Улица отчаяния - Бэнкс Иэн М.. Страница 19
– Следи за прилавками, – сказал я. – Группа называется «Застывшее золото», альбом мы думаем назвать «Застывшее золото и жидкий лед», а на первом сингле будет либо песня «Еще один дождливый день», либо «Застывшее золото».
– Похоже, ты в восторге от этого названия, – улыбнулась Джин.
– К-какое т-там в восторге, в тихом ужасе, но они не приняли ни одно из тех, что я п-предлагал. А я подумал, если от этого названия никак не отделаешься, почему бы не обратить его нам на пользу? Сделать так, чтобы оно на нас работало. И тогда я взял первые буквы этих слов, F и G, [20] понимаешь? И начал бренчать два аккорда, один за другим, и это звучало вполне клево, хорошо звучало. Теперь на них построено начало песни, понимаешь? Ставишь альбом и сразу это и слышишь, F, G. Это будет наш фирменный знак, понимаешь? Наша тема, лейтмотив, ну, в этом роде. Не так, конечно же, классно, как у Баха с его В, А, С, Н, но все равно классно, верно ведь? Такая штука, она сразу сработает на паблисити, понимаешь? Она даст журналистам о чем писать, о чем говорить по радио, ну и заставит людей запомнить мое имя, и это тоже.

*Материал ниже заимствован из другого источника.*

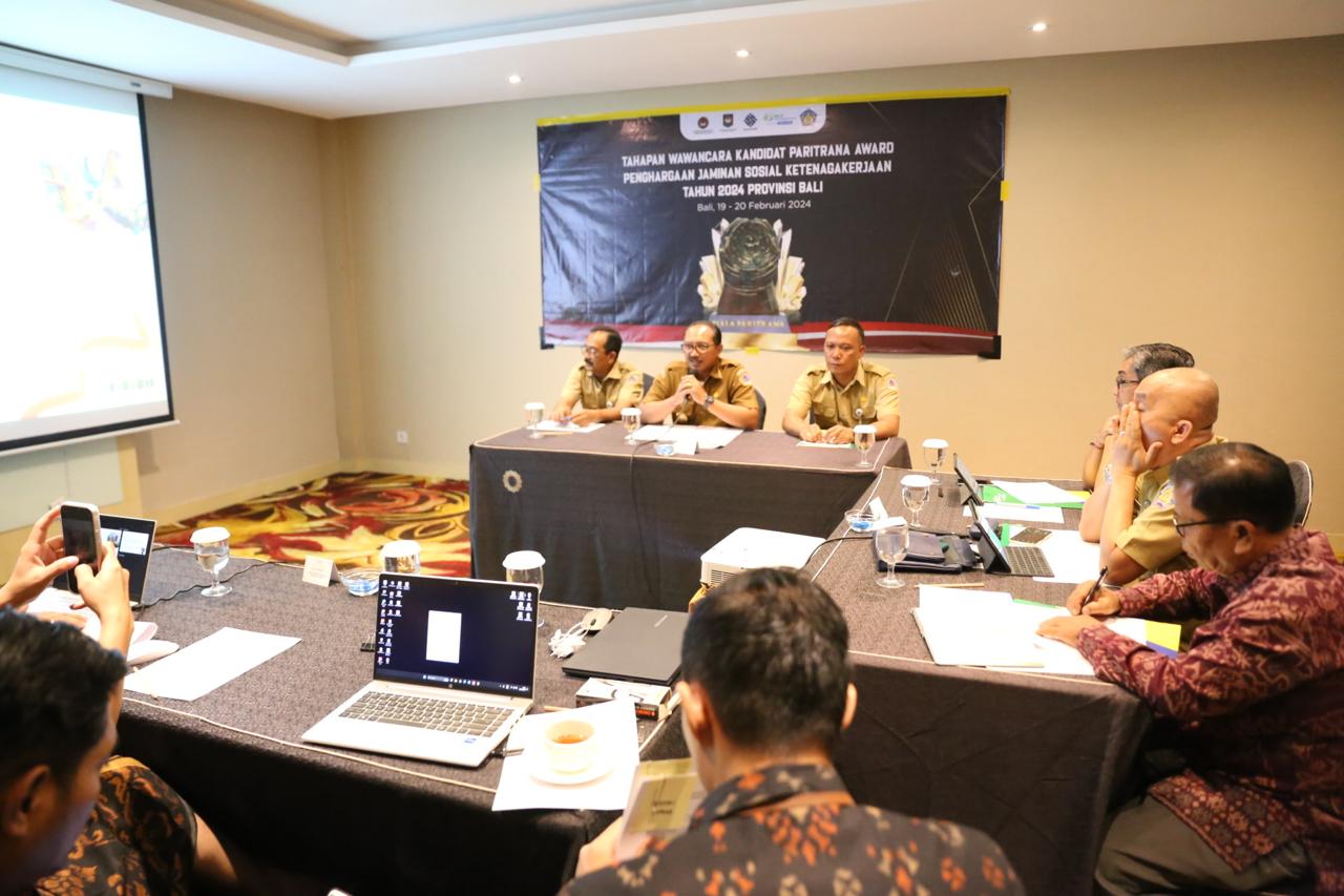 Penjabat (Pj) Bupati Klungkung, I Nyoman Jendrika mengikuti tahapan Wawancara Kandidat Paritrana Award Provinsi Bali Tahun 2024 di Four Stay by Trans Hotel, Jl. Raya Puputan No. 200 Renon, Denpasar Selatan, Senin (19/2).

Мучительная сухость во рту заставила меня прервать долгий, почти безостановочный треп и залпом заглотить пинту пива. Я извергал слова с такой пулеметной скоростью, что в нормальной обстановке непременно споткнулся бы если не на первом, то на втором слове, но сейчас, для разнообразия, мое заикание попросту не поспевало за языком, надо думать – от перевозбуждения.
– Классно-то классно, – улыбнулась Джин, – но ты бы с этим поосторожнее. Не слишком выпячивай себя, люди этого не любят.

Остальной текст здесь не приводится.